New York (HedgeCo.Net) – Since Obama’s Jumpstart Our Business Startups Act (JOBs Act), the ban on hedge fund advertising has been lifted. The JOBS Act became law in March 2012 and made the initial recommendation to allow “general solicitation” for private issuers, the law was approved with bipartisan support in both houses of Congress.
The rule went into affect on September 23rd 2013 and so far only 8 hedge funds have filed for the *506c exception:
– Zeus Alpha LP
– Steben Select Multi-Strategy Partners, L.P.
– Force Select LTD
– Big Tree Capital Opportunity Fund I, L.P.
– Big Tree Capital Emerging Markets Fund, L.P.
– Ogee Group LLC
– Steben Select Multi-Strategy Partners, L.P., and,
– Israel Investment Fund LP.
“While hedge funds are finally allowed to advertise, we believe that funds will be cautious in adopting general solicitation.” Evan Rapoport, founder of industry portal HedgeCo.net, said. “No one wants to be first and sign up to be the regulators’ guinea pig, but I do think that if you work with advertisers that have familiarity with securities regulations, the early adopters have a large opportunity to launch successful campaigns.”
He went on to say: “We believe the first funds to take advantage of the JOBS act will more than likely be some of the largest funds in existence.
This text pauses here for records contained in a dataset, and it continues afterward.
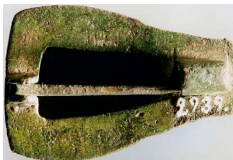
G 355. Ovansidan. Foto: Bengt A. Lundberg 1987. G 355. Bottenplattan. Foto: Bengt A. Lundberg 1987.

Till läsningen: Övre delen av 1 i är mycket diffus. Eventuellt n -bistav i runa 2. 3 k är ganska tydlig. 4 i och 5 i är mycket diffusa. 6 s är ett kortkvist- s , ca 5 mm långt, som avslutas med en punkt. Runorna 7-10 är säkra. 8 a har dubbelsidig bistav.
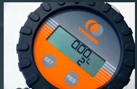
数字が大きく見やすい
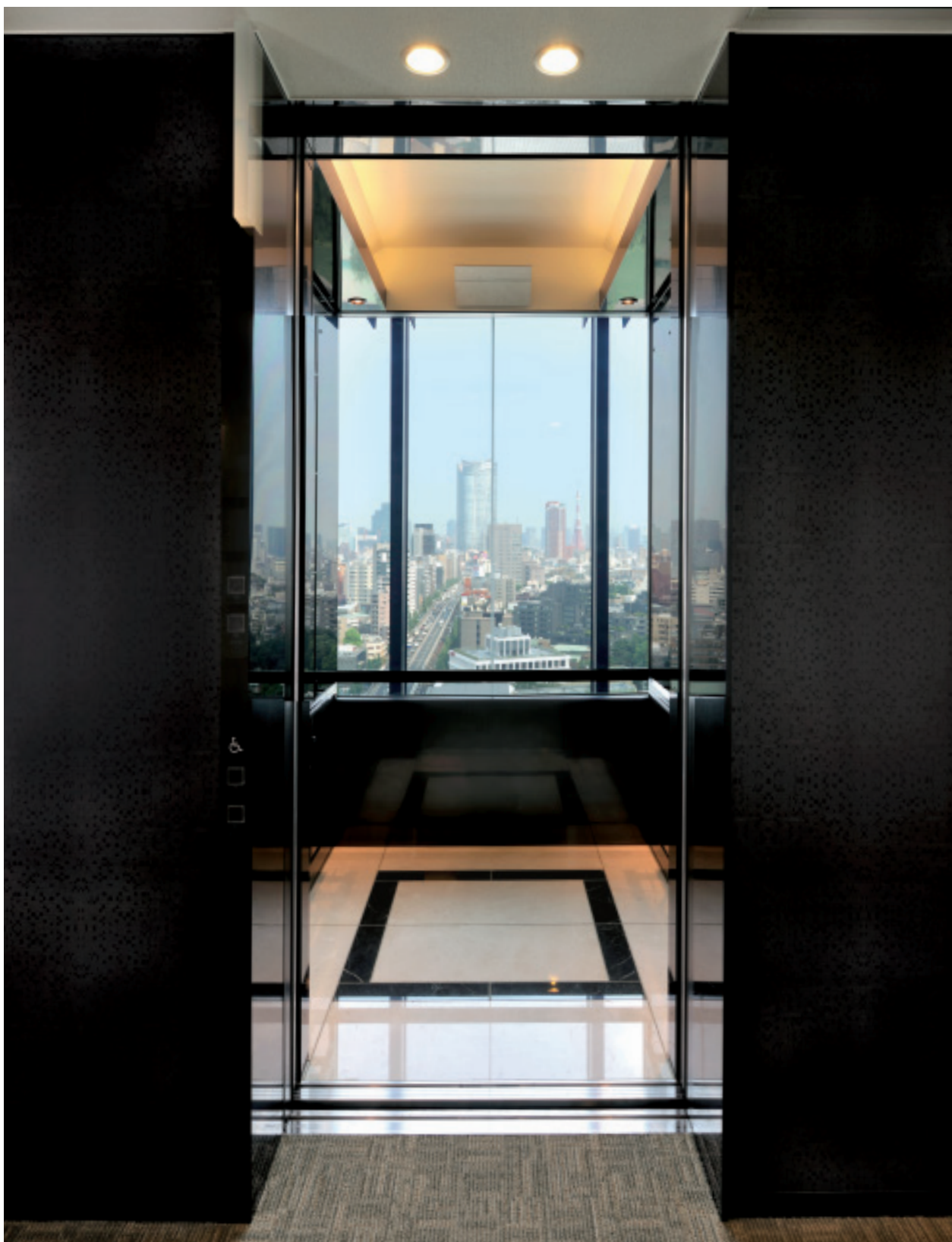
展望用15人乗りエレベーター・かご室(ラ・トゥール渋谷)

渋谷駅から徒歩8分、六本木通りに面した渋谷ビジネスエリアに、先進オフィスと集合住宅、大型イベントホールを一体化させた住友不動産ファーストタワー・シリーズの新しいビルが誕生しました。青山・広尾・麻布といった東京の文化・ファッションの先端を行くエリアに隣接し、高層階からは東京が一望できるという屈指のロケーションを誇ります。
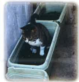
(上写真) 屋外に設置したトイレで用を足す姿。

飼い主のいない猫を放置せず地域で意見交換をして出来るだけ多くの合意を得ながら見守り管理する活動です。
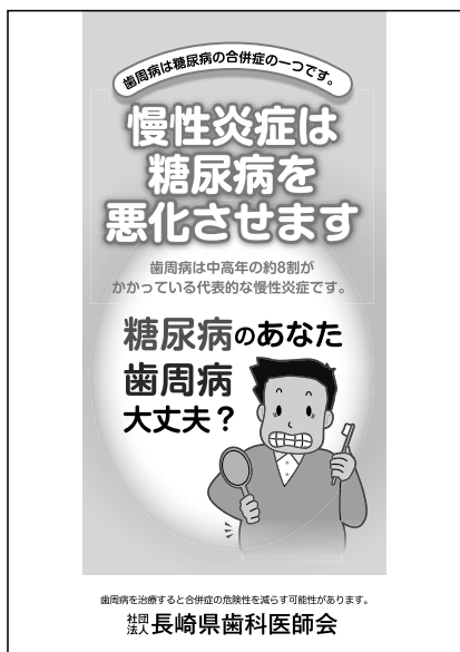
(糖尿病のあなた 歯周病大丈夫？ リーフレット) 平成22年度作成
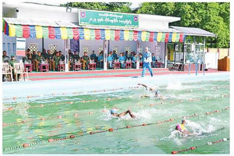
အလယ်ပိုင်းတိုင်းစစ်ဌာနချုပ် တိုင်းမှူးခိုင်းရေကူးပြိုင်ပွဲ ယှဉ်ပြိုင်နေမှုကိုတွေ့ရစဉ်။

များ လျှော့ဒါန်းပေးသည်။ ထို့အတူ မောင်တောမြို့သို့ရောက်ရှိနေသည့် ကူညီကယ်ဆယ်ရေးအဖွဲ့များသည် နယ်လှည့်ဆေးကုသရေးအဖွဲ့များနှင့်ပူးပေါင်း၍ ဝေသာလီရပ်ကွက်ရှိ မင်းထန်နိကာယဝေသာလီကျောင်းတိုက်၌ သံယာတော်များနှင့် ဒေသခံပြည်သူများကို ကျန်းမာရေးစောင့်ရှောက်မှုလုပ်ငန်းများ ကူညီဆောင်ရွက်ပေးလျက်ရှိသည်။ အလားတူ စစ်တွေမြို့သို့ရောက်ရှိနေသည့် ကူညီကယ်ဆယ်ရေးအဖွဲ့များသည် နယ်လှည့်ဆေးကုသရေးအဖွဲ့များနှင့်ပူးပေါင်း၍ အလားတန်ကျေးရွာရှိ ဒေသခံပြည်သူများကို ကျန်းမာရေးစောင့်ရှောက်မှုလုပ်ငန်းများ ကူညီဆောင်ရွက်ပေးလျက်ရှိကြောင်း သတင်းရရှိသည်။
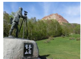
麦畑から誕生した昭和と新山 （壮瞥町）
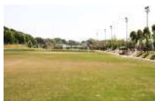
③ 生目の杜運動公園
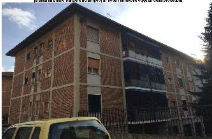
Fotografia n. 2 - "Palazzina 6" del Condominio "Calzini": prospetto secondario sulla Via Privata Raffaele Calzini n. 6 - Milano, dove al piano secondo - terzo fuori terra (a destra prima finestra) si trova l'immobile oggetto della procedura
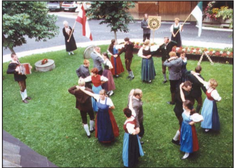
A da Feistritzer Landler darf nit föhln, wann ma wü a bissal wos zur Schau stölln.
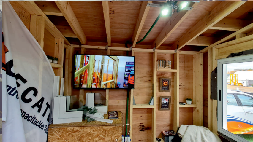
INTERIOR DE UNO DE LOS MÓDULOS CONSTRUIDOS DURANTE LOS CURSOS, EXHIBIDO EN LA FERIA
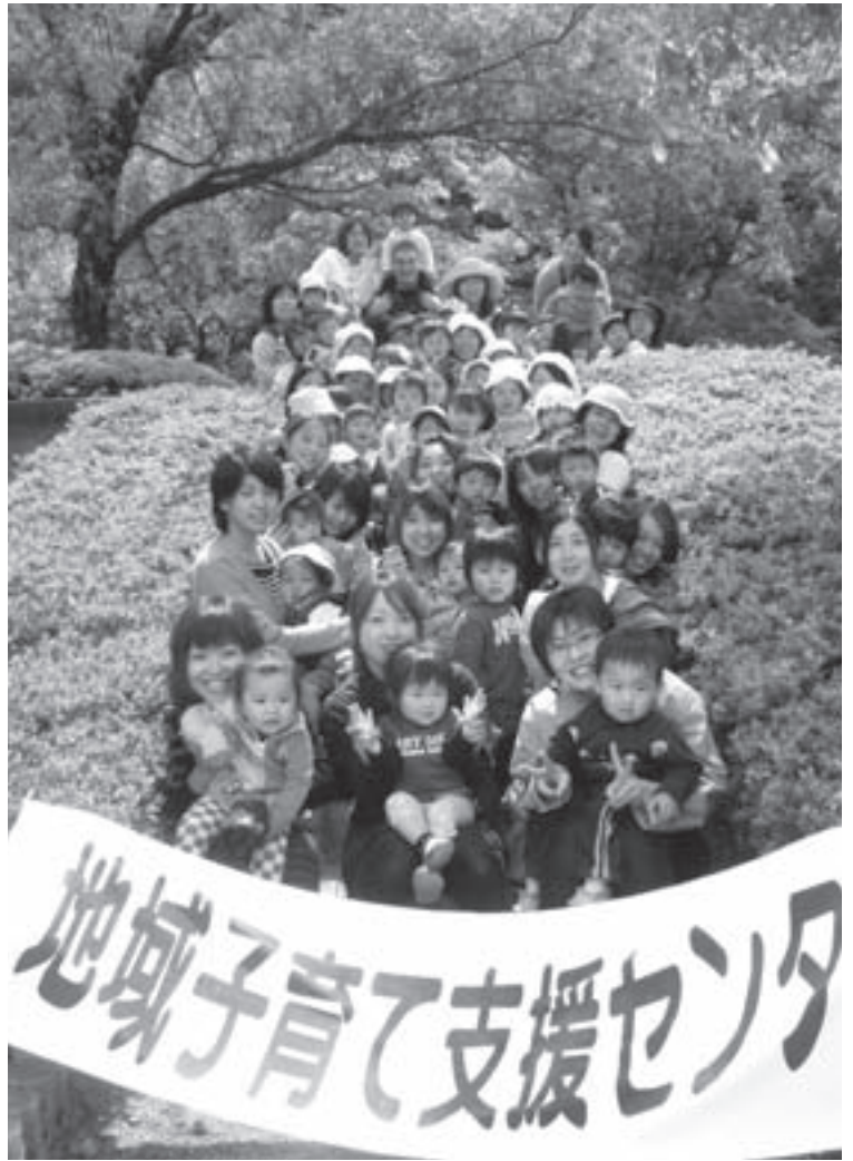
地域子育て支援センターの行事の一コマ。親も子も“にっこり”
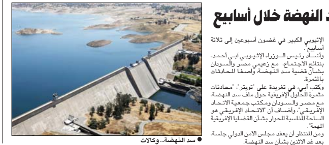
سد النهضة

الرسمي الذي لم يعد له وجود على أرض الواقع وهو 1500 ليرة، وهناك أيضا الدولار الذي عدته نقابة المصرفيين بالتنسيق مع مصرف لبنان وقد تراوح بين 3850 كحد أدنى و 3900 كحد أعلى.

It is the larger investment companies that can afford the upfront costs associated with rolling out a successful advertising and branding campaign.”
*Rule 506 of Regulation D is considered a “safe harbor” for the private offering exemption of Section 4(2) of the Securities Act. Companies using the Rule 506 exemption can raise an unlimited amount of money. A company can be assured it is within the Section 4(2) exemption by satisfying the following standards:
- The company cannot use general solicitation or advertising to market the securities;
- The company may sell its securities to an unlimited number of “accredited investors” and up to 35 other purchases. Unlike Rule 505, all non-accredited investors, either alone or with a purchaser representative, must be sophisticated—that is, they must have sufficient knowledge and experience in financial and business matters to make them capable of evaluating the merits and risks of the prospective investment;
- Companies must decide what information to give to accredited investors, so long as it does not violate the antifraud prohibitions of the federal securities laws. But companies must give non-accredited investors disclosure documents that are generally the same as those used in registered offerings. If a company provides information to accredited investors, it must make this information available to non-accredited investors as well;
- The company must be available to answer questions by prospective purchasers;
- Financial statement requirements are the same as for Rule 505; and
- Purchasers receive “restricted” securities, meaning that the securities cannot be sold for at least a year without registering them.
If you are thinking about investing in a Reg D company, you should access the EDGAR database to determine whether the company has filed Form D. . If the company has not filed a Form D, this should alert you that the company might not be in compliance with the federal securities laws.